I've never actually hit the Ollama fallback in production. The cloud free tiers are reliable enough that local inference is purely insurance.

Cost Breakdown: Real Numbers

Here's what actually costs money and what doesn't.

Component Provider Monthly Cost
Interactive chat (20-50 msgs/day) Anthropic Sonnet $3 - $5
Cron jobs (15 recurring, 40+ actions/day) Google Gemini Flash $0 (free tier)
Subagents (up to 8 concurrent) Google Gemini Flash $0 (free tier)
Heartbeats (every 60 min) Google Gemini Flash Lite $0 (free tier)
Fallback inference Groq / Mistral / Synthetic $0 (free tiers)
Local fallback Ollama (Qwen 32B) $0 (local)
Hosting / compute Mac Mini (electricity) $3 - $5
Website hosting (9 sites) Cloudflare Pages $0 (free tier)
Total Monthly Cost $3 - $5

Compare that to my first week with Opus at $150/day. Same workload. Same outputs. 99% cheaper.

The math works because the vast majority of token usage comes from automated background tasks — cron jobs, subagents, heartbeats — not from me chatting. By routing all of that to free models, the only paid usage is my relatively light interactive conversation.

The Cron System: 40+ Daily Actions on Free Models

The cron system is where this architecture really pays off. Here's a real snapshot of my daily automated schedule:

Recurring Daily Crons

That's 15 recurring cron jobs producing 40+ individual actions per day. Every single one runs on google/gemini-3-flash-preview. Zero API cost.

One-Shot Crons

Beyond recurring jobs, I use one-shot crons for batch operations. These fire once at a scheduled time and self-delete after completion:

{
  "name": "Gumroad: Upload 20 Products (One-Time)",
  "enabled": true,
  "deleteAfterRun": true,
  "schedule": {
    "kind": "at",
    "at": "2026-02-18T19:07:10.000Z"
  },
  "sessionTarget": "isolated",
  "payload": {
    "kind": "agentTurn",
    "message": "BROWSER TASK: Upload all Gumroad products.
               Use browser profile already logged in.
               Read product listings for titles, descriptions,
               prices. Upload each PDF. Publish. Log results.",
    "model": "google/gemini-3-flash-preview",
    "timeoutSeconds": 1200
  }
}

I queue up a batch of one-shot crons — upload 20 Gumroad products, publish 10 Medium articles, verify 60 Amazon ASIN links, write 15 YouTube scripts — set them to fire 10 minutes apart, and walk away. The agent handles everything autonomously, all on free models.

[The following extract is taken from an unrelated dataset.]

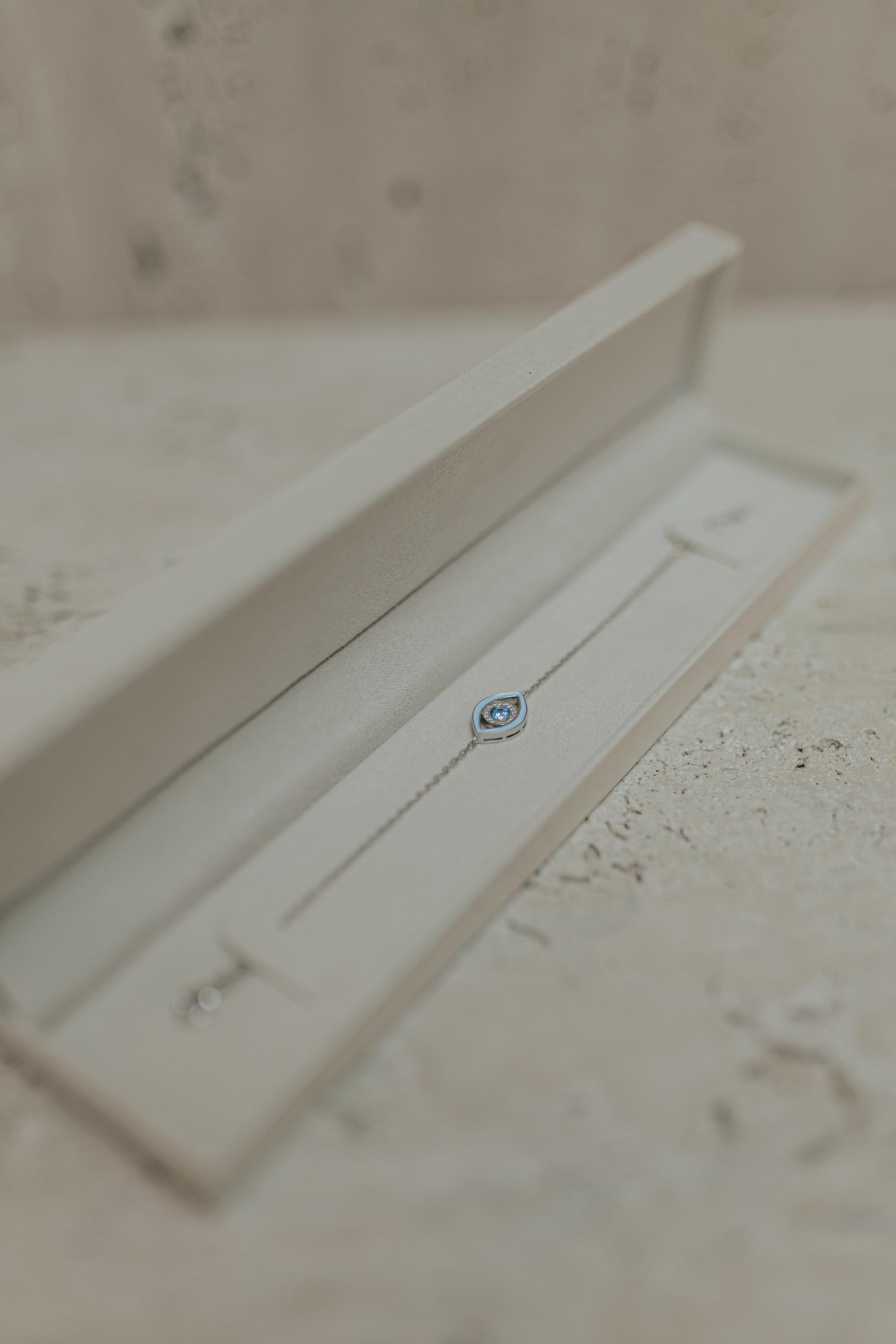 Pulseira de Olho Grego Acqua Esmaltada Prata 925 Ródio Branco

The "deleteAfterRun": true flag keeps the cron list clean. Fire and forget.

On a typical big batch day, I'll queue 10-15 one-shot crons, plus a failure-checker that runs an hour later to retry anything that broke, plus a final status report cron that sends me a summary over WhatsApp. The entire batch runs on free models. I just read the report when I'm done with my day job.

One-Shot Browser Tasks: The Cost Arbitrage

This is probably the biggest cost optimization I've found, and it's counterintuitive.

The problem: If I chat with my agent and say "hey, go upload these 20 products to Gumroad," that entire conversation happens on Sonnet (my interactive chat model). I'm paying $3/$15 per million tokens for a task that could take 20 minutes and thousands of tokens of back-and-forth as the agent navigates browser pages, handles upload dialogs, and fills in forms.

The solution: Instead of chatting, I create a one-shot cron job with the full instructions baked into the payload message. The cron fires on Gemini Flash (free), runs the browser automation in an isolated session, logs the results, and self-destructs. Same outcome, zero cost.

I use this pattern for everything that involves browser automation:

The key mental shift: don't chat about tasks that can be scheduled. Write the full instructions once, queue it as a cron, and let the free model handle execution.

The instructions need to be thorough — you can't have a back-and-forth conversation with a cron job. But that's actually a feature, not a bug. It forces you to think through the task completely upfront, which means the agent executes more reliably than if you were drip-feeding instructions in a chat.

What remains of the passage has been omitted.